[Work task] The first line to keep is the one containing "Erzbischof Dr. Udo Markus Bentz"; restate it and all lines after it through the end of the material, word for word and nothing else.

[Collected data]
======
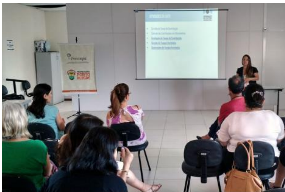
Figura 4: Disseminação da Cultura Previdenciária.

O contato direto com os técnicos responsáveis pela gestão dos benefícios previdenciários oferecidos pela PMPA oportuniza aos segurados do Previmpa o esclarecimento de dúvidas que podem ter impacto direto na vida funcional e no processo de aposentadoria dos servidores.
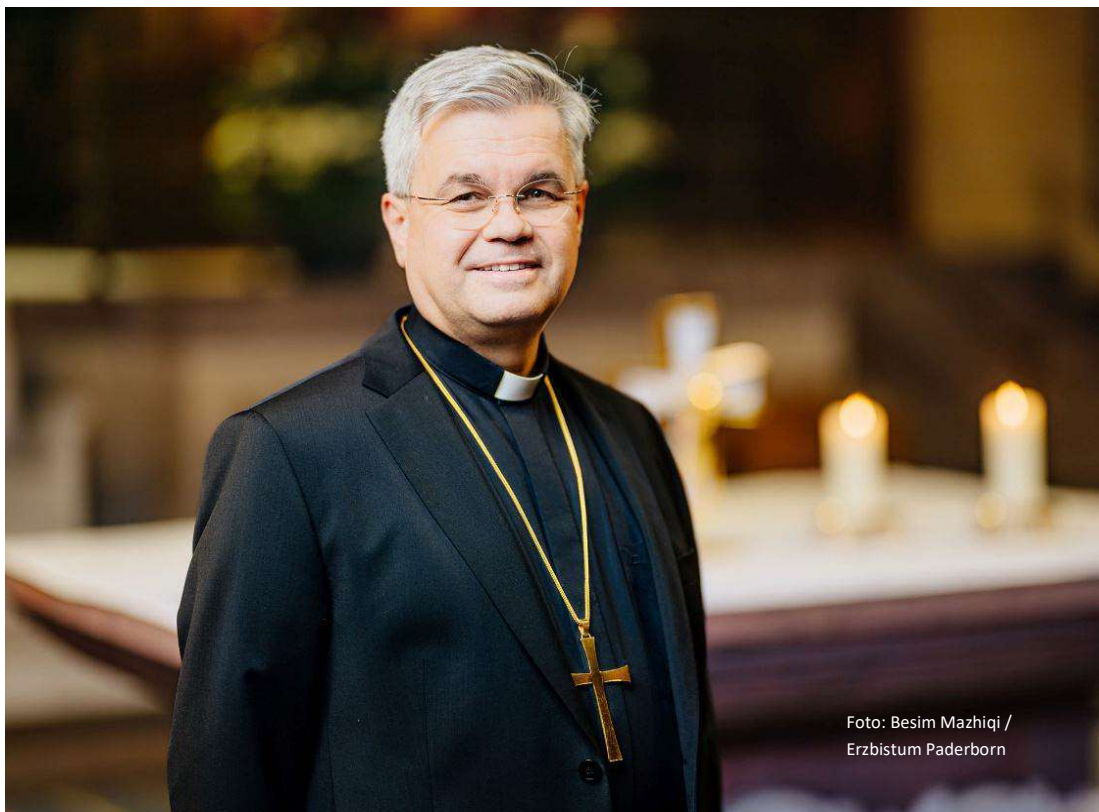
Erzbischof Dr. Udo Markus Bentz

Und dann möchte der neue Erzbischof sehr bald alle 19 Dekanate im Erzbistum Paderborn besuchen - und er wird beginnen: Bei uns im Dekanat Waldeck! Schon jetzt möchte ich herzlich zur Begegnung mit Erzbischof Dr. Bentz am 30. April einladen. Am Vormittag des beginnen wir mit einer Hl. Messe um 9.30 Uhr in Bad Wildungen und anschließenden Begegnungen dort. Von 13.30 bis 14.30 Uhr kann jede und jeder mit dem Bischof einen Spaziergang am Edersee machen, wir treffen uns an der Staumauer. Um 15.00 Uhr wollen wir mit ihm in St. Marien Korbach eine Andacht zu Ehren der Gottesmutter halten und uns anschließend im Haus der Gemeinde zum Kaffeetrinken und zur Begegnung treffen. Um 17.00 Uhr reist er weiter nach Bad Arolsen, genießt nach der Vesper um 17.30 Uhr einen Gang durch die Große Allee und rund um das Residenzschloss. Zum abschließenden Grillen am Pfarrheim sind – wie zu allen Veranstaltungen des Tages - alle Interessierten aus dem Dekanat eingeladen. Wer mag, kann also einen ganzen Tag mit dem neuen Erzbischof verbringen.
======
[Written answer]
Erzbischof Dr. Udo Markus Bentz

Und dann möchte der neue Erzbischof sehr bald alle 19 Dekanate im Erzbistum Paderborn besuchen - und er wird beginnen: Bei uns im Dekanat Waldeck! Schon jetzt möchte ich herzlich zur Begegnung mit Erzbischof Dr. Bentz am 30. April einladen. Am Vormittag des beginnen wir mit einer Hl. Messe um 9.30 Uhr in Bad Wildungen und anschließenden Begegnungen dort. Von 13.30 bis 14.30 Uhr kann jede und jeder mit dem Bischof einen Spaziergang am Edersee machen, wir treffen uns an der Staumauer. Um 15.00 Uhr wollen wir mit ihm in St. Marien Korbach eine Andacht zu Ehren der Gottesmutter halten und uns anschließend im Haus der Gemeinde zum Kaffeetrinken und zur Begegnung treffen. Um 17.00 Uhr reist er weiter nach Bad Arolsen, genießt nach der Vesper um 17.30 Uhr einen Gang durch die Große Allee und rund um das Residenzschloss. Zum abschließenden Grillen am Pfarrheim sind – wie zu allen Veranstaltungen des Tages - alle Interessierten aus dem Dekanat eingeladen. Wer mag, kann also einen ganzen Tag mit dem neuen Erzbischof verbringen.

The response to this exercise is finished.